The current version of the Data Quality Metrics (called **dqm-ml**) computes three data inherent metrics and one data-model dependent metric.

The data inherent metrics are 
- **Diversity** : Computes the presence in the dataset of all required information defined in the specification (requirements, Operational Design Domain (ODD) . . . ).
- **Representativeness** : is defined as the conformity of the distribution of the key characteristics of the dataset according to a specification (requirements, ODD.. . )
- **Completeness** : is defined by the degree to which subject data associated with an entity has values for all expected attributes and related entity instances in a specific context of use.

The data-model dependent metrics are: 
- **Domain Gap** : In the context of a computer vision task, the Domain Gap (DG) refers to the difference in semantic, textures and shapes between two distributions of images and it can lead to poor performances when a model is trained on a given distribution and then is applied to another one.

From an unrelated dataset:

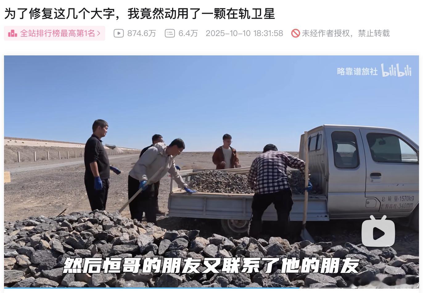 人民网评修复戈壁滩大字何以引人共鸣从四处寻觅相似黑砂石,到动用27车砂石修复,

(Definitions from [Confiance.ai program](https://www.confiance.ai/))

[//]: # (- Coverage : The coverage of a couple "Dataset + ML Model" is the ability of the execution of the ML Model on this dataset to generate elements that match the expected space.)

For each metric, several approaches are developped to handle the maximum of data types. For more technical and scientific details, please refer to this [deliverable](https://catalog.confiance.ai/records/p46p6-1wt83/files/Scientific_Contribution_For_Data_quality_assessment_metrics_for_Machine_learning_process-v2.pdf?download=1)

## Project description
Several approches are developped as described in the figure below.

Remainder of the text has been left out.